## What this task involves
Reproduce the listing below word for word, with no pictures.

## Dataset extract
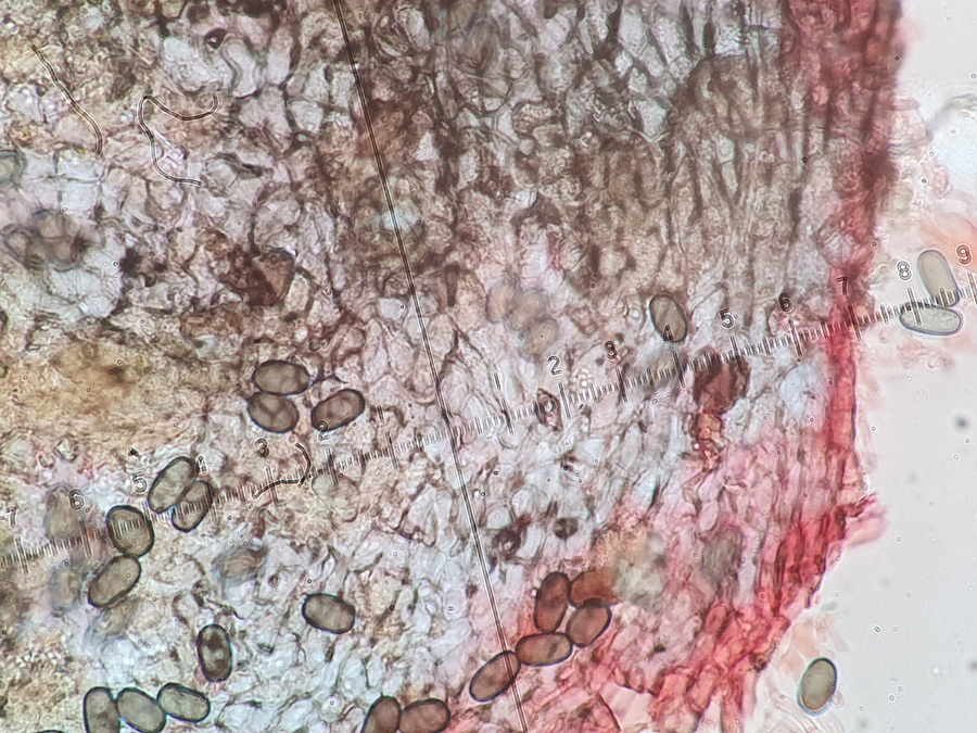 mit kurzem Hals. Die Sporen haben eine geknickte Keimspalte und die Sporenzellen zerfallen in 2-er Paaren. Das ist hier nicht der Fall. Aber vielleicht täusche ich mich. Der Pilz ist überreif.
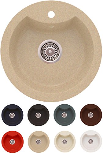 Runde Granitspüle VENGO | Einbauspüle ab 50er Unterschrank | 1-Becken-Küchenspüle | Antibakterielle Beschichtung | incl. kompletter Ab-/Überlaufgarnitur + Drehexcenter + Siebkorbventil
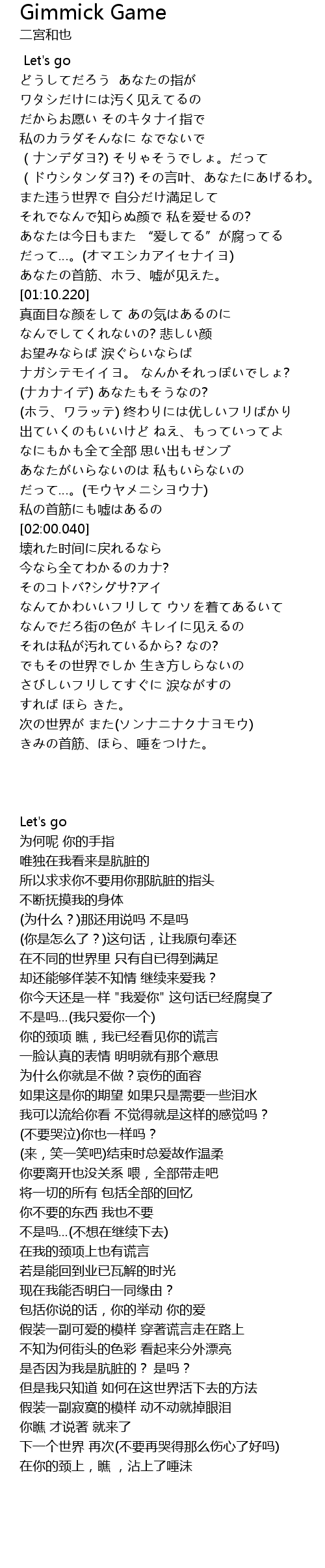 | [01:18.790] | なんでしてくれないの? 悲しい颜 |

## Your solution
 mit kurzem Hals. Die Sporen haben eine geknickte Keimspalte und die Sporenzellen zerfallen in 2-er Paaren. Das ist hier nicht der Fall. Aber vielleicht täusche ich mich. Der Pilz ist überreif.
 Runde Granitspüle VENGO | Einbauspüle ab 50er Unterschrank | 1-Becken-Küchenspüle | Antibakterielle Beschichtung | incl. kompletter Ab-/Überlaufgarnitur + Drehexcenter + Siebkorbventil
 | [01:18.790] | なんでしてくれないの? 悲しい颜 |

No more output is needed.